• TASK TO CARRY OUT: Starting at the line that contains "Вегетарианский салат из" and stopping at the line that contains "Just below Van", transcribe every line of the material below exactly; pictures stay out.

• INPUT FOR THIS TASK:

━━━━━━━━━━━━━━━━━━━━

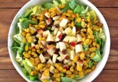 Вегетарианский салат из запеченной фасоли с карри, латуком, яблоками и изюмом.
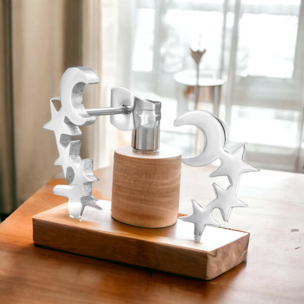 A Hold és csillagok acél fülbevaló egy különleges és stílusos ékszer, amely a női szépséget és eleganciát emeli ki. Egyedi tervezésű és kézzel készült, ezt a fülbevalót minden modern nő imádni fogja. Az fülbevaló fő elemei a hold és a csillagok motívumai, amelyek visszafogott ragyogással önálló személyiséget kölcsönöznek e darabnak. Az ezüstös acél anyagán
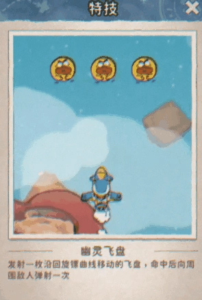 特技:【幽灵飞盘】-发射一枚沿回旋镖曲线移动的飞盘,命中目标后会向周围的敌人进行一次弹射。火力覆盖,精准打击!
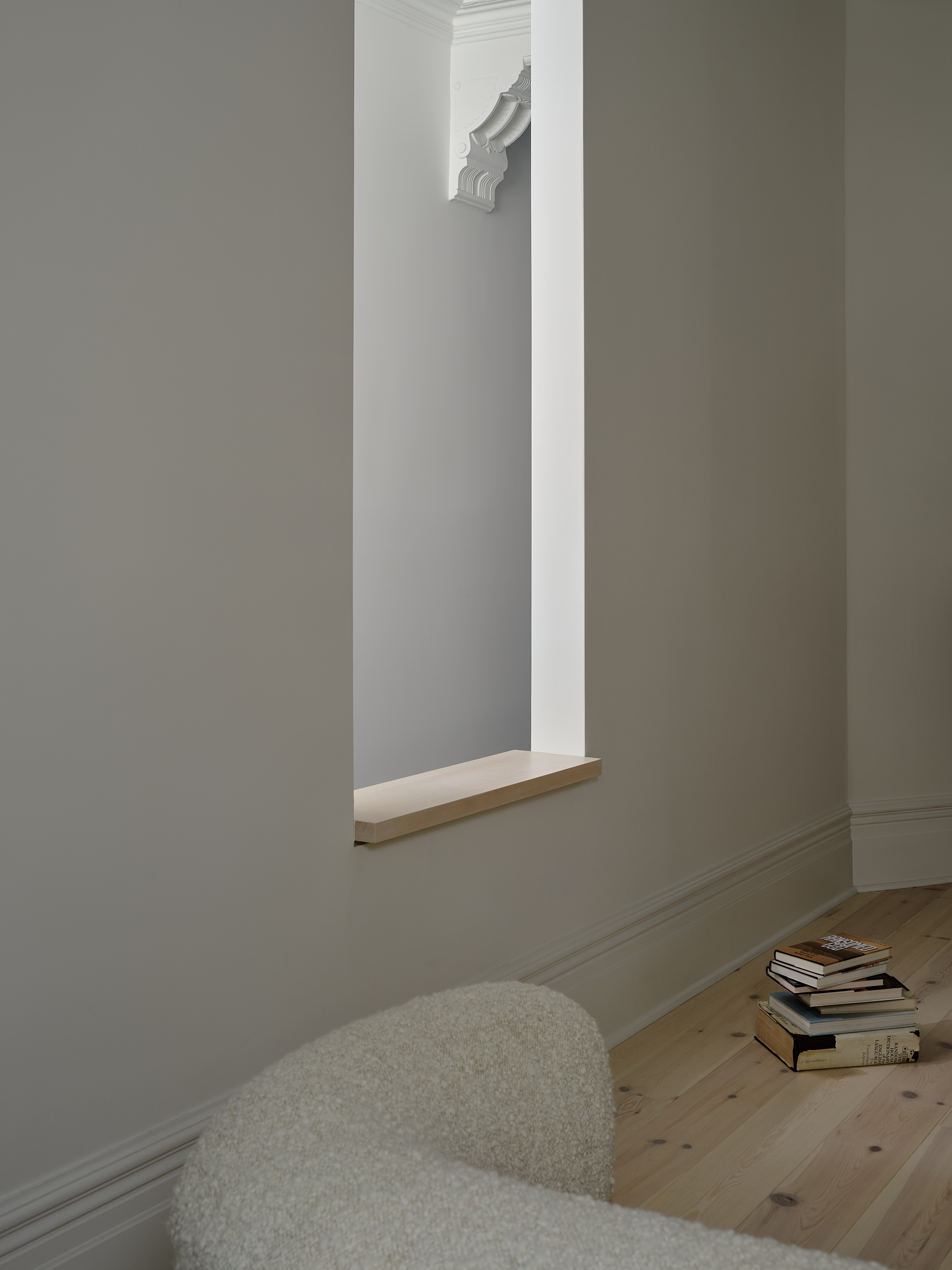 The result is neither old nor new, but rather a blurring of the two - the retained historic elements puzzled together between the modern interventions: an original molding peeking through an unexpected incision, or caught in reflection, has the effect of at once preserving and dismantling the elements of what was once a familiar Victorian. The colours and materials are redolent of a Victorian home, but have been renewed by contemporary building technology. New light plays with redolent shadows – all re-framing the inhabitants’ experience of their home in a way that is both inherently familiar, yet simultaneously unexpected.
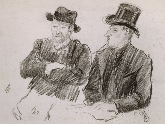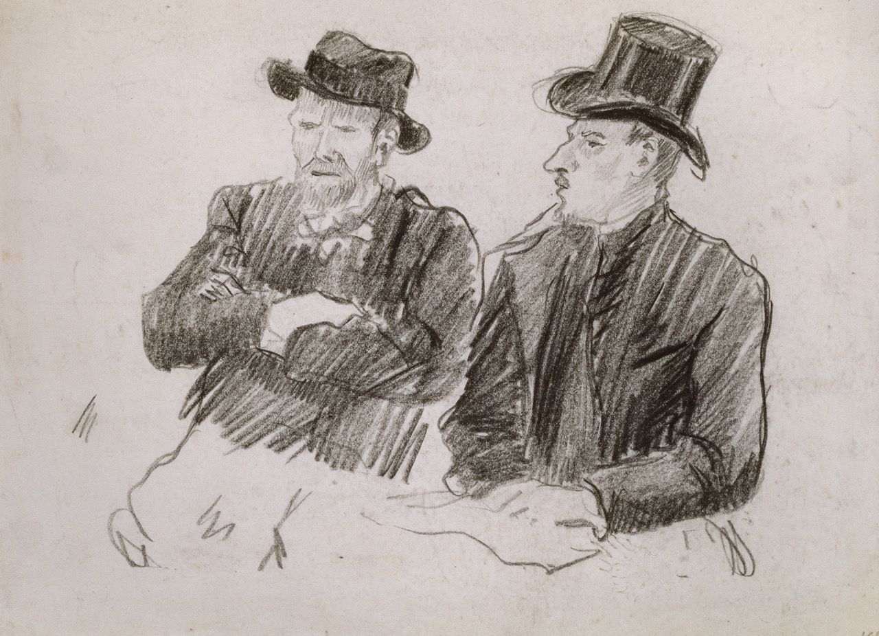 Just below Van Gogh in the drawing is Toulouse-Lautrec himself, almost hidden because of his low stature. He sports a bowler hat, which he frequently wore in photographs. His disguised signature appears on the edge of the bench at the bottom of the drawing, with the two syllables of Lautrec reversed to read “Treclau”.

━━━━━━━━━━━━━━━━━━━━

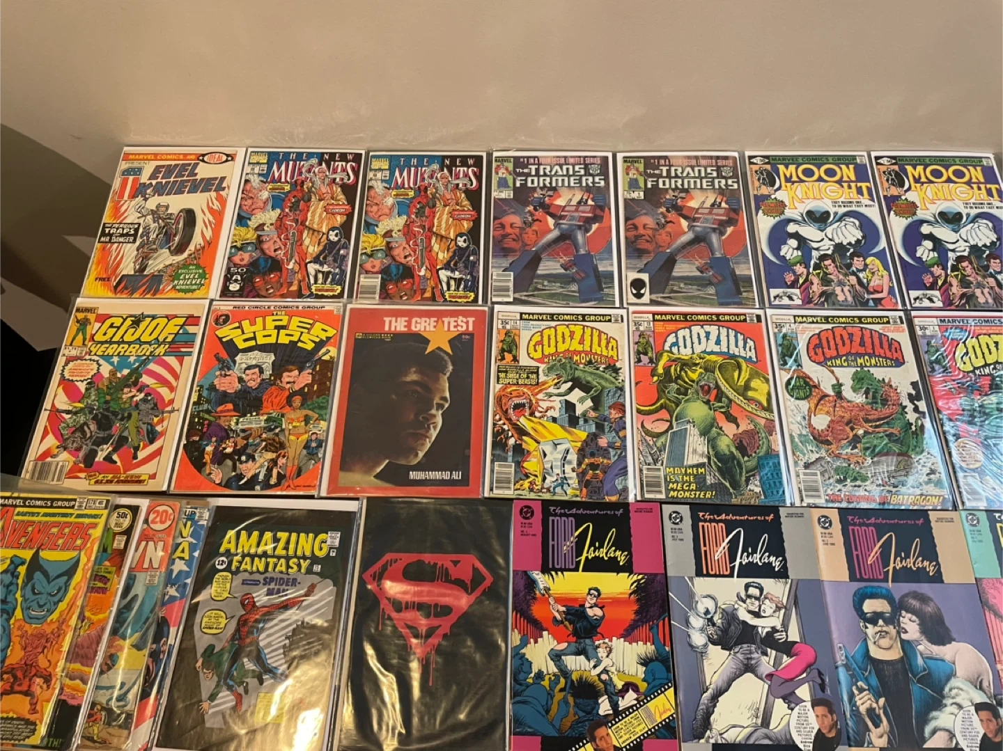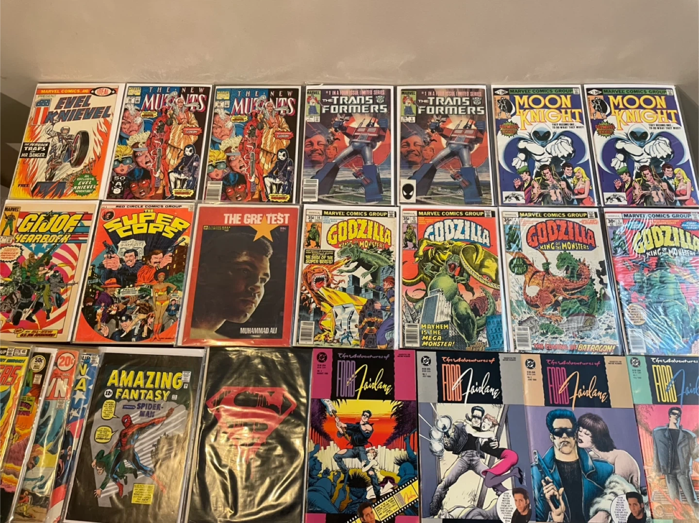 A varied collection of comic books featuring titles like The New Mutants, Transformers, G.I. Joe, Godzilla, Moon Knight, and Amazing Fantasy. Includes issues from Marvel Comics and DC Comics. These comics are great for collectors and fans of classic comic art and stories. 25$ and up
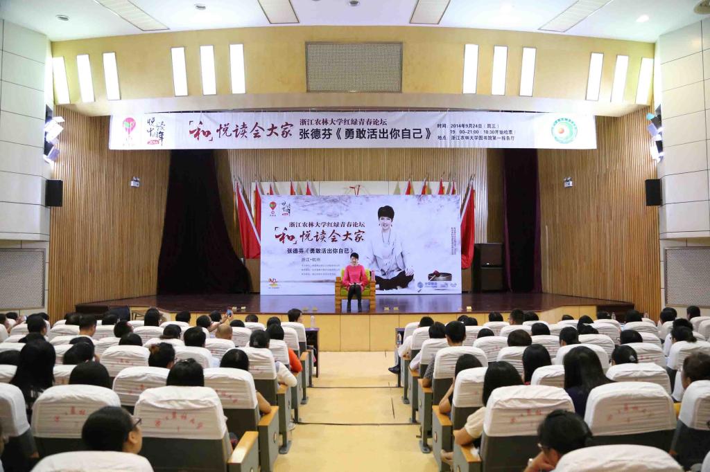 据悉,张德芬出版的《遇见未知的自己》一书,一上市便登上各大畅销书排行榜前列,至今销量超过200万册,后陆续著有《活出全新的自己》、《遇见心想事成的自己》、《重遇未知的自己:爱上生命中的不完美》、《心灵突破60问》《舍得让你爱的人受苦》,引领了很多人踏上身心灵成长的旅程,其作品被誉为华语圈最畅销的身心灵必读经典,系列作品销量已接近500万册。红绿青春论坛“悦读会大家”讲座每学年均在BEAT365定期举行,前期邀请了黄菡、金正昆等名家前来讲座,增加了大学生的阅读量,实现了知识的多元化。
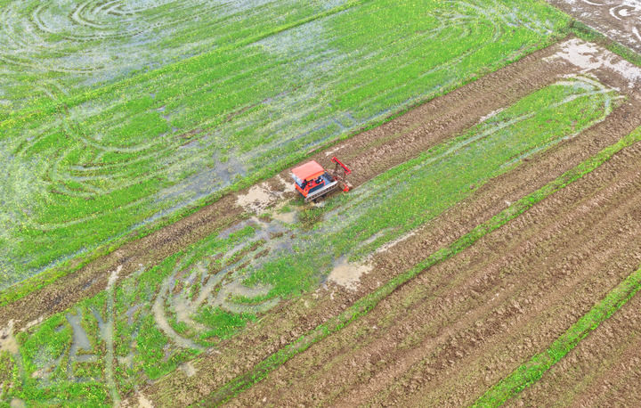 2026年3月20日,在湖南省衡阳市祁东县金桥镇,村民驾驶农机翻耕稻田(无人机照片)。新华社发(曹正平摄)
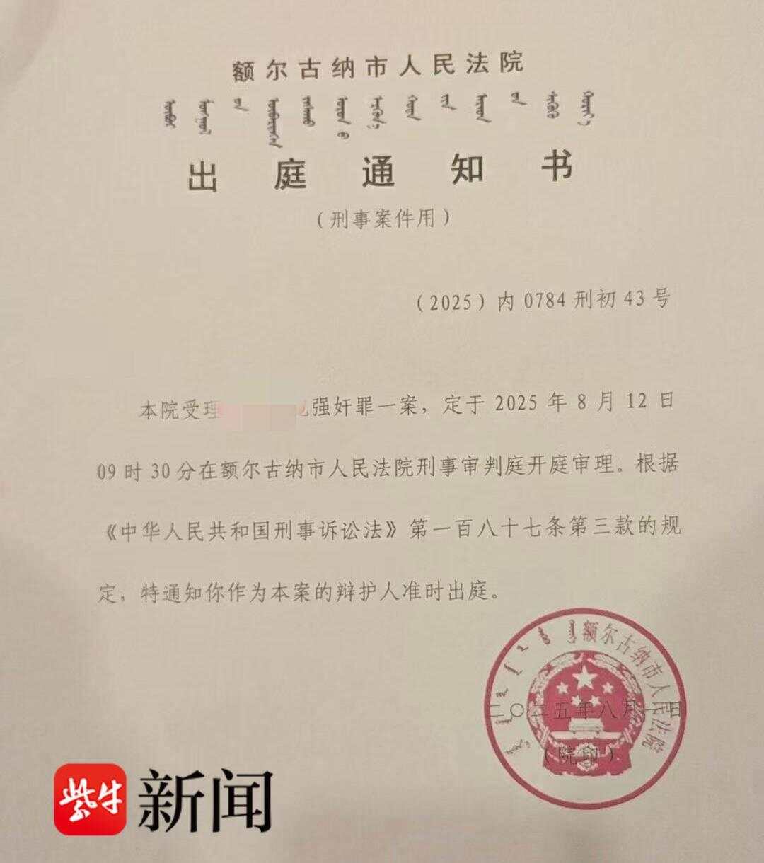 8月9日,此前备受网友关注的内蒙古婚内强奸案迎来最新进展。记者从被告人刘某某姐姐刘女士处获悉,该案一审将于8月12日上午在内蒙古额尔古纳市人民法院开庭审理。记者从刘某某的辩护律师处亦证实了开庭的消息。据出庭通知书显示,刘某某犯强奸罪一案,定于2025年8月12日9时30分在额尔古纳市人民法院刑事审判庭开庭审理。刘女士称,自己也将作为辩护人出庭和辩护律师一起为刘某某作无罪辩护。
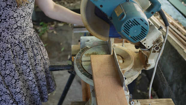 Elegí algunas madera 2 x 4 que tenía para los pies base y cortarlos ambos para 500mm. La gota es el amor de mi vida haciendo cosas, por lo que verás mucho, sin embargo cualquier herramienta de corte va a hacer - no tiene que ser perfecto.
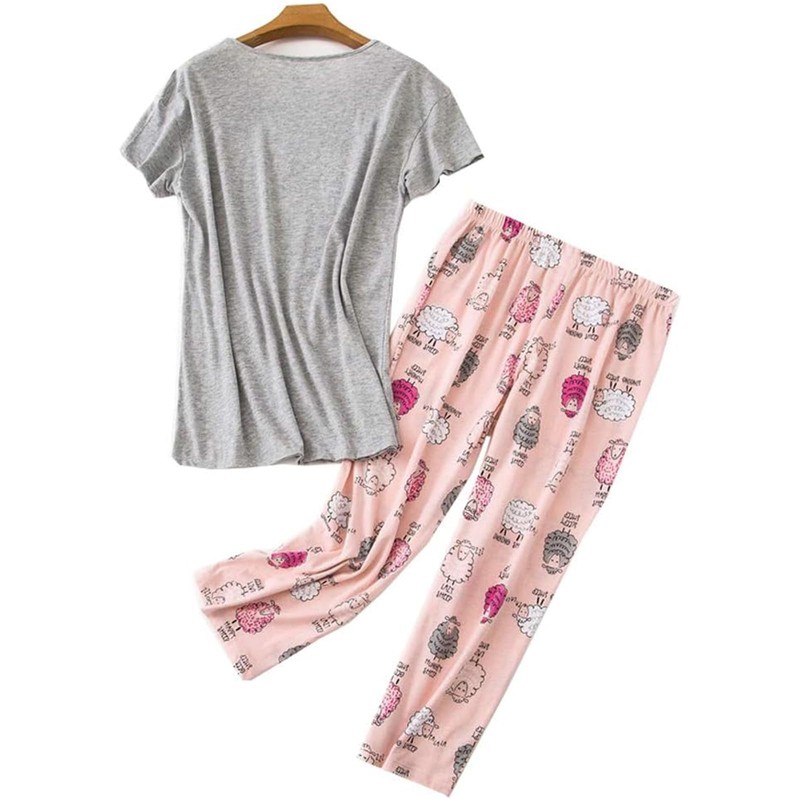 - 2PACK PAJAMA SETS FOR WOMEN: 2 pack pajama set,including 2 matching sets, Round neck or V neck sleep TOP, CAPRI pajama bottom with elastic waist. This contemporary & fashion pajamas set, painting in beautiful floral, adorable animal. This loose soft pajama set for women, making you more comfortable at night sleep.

━━━━━━━━━━━━━━━━━━━━

• REPLY:
 Вегетарианский салат из запеченной фасоли с карри, латуком, яблоками и изюмом.
 A Hold és csillagok acél fülbevaló egy különleges és stílusos ékszer, amely a női szépséget és eleganciát emeli ki. Egyedi tervezésű és kézzel készült, ezt a fülbevalót minden modern nő imádni fogja. Az fülbevaló fő elemei a hold és a csillagok motívumai, amelyek visszafogott ragyogással önálló személyiséget kölcsönöznek e darabnak. Az ezüstös acél anyagán
 特技:【幽灵飞盘】-发射一枚沿回旋镖曲线移动的飞盘,命中目标后会向周围的敌人进行一次弹射。火力覆盖,精准打击!
 The result is neither old nor new, but rather a blurring of the two - the retained historic elements puzzled together between the modern interventions: an original molding peeking through an unexpected incision, or caught in reflection, has the effect of at once preserving and dismantling the elements of what was once a familiar Victorian. The colours and materials are redolent of a Victorian home, but have been renewed by contemporary building technology. New light plays with redolent shadows – all re-framing the inhabitants’ experience of their home in a way that is both inherently familiar, yet simultaneously unexpected.
 Just below Van Gogh in the drawing is Toulouse-Lautrec himself, almost hidden because of his low stature. He sports a bowler hat, which he frequently wore in photographs. His disguised signature appears on the edge of the bench at the bottom of the drawing, with the two syllables of Lautrec reversed to read “Treclau”.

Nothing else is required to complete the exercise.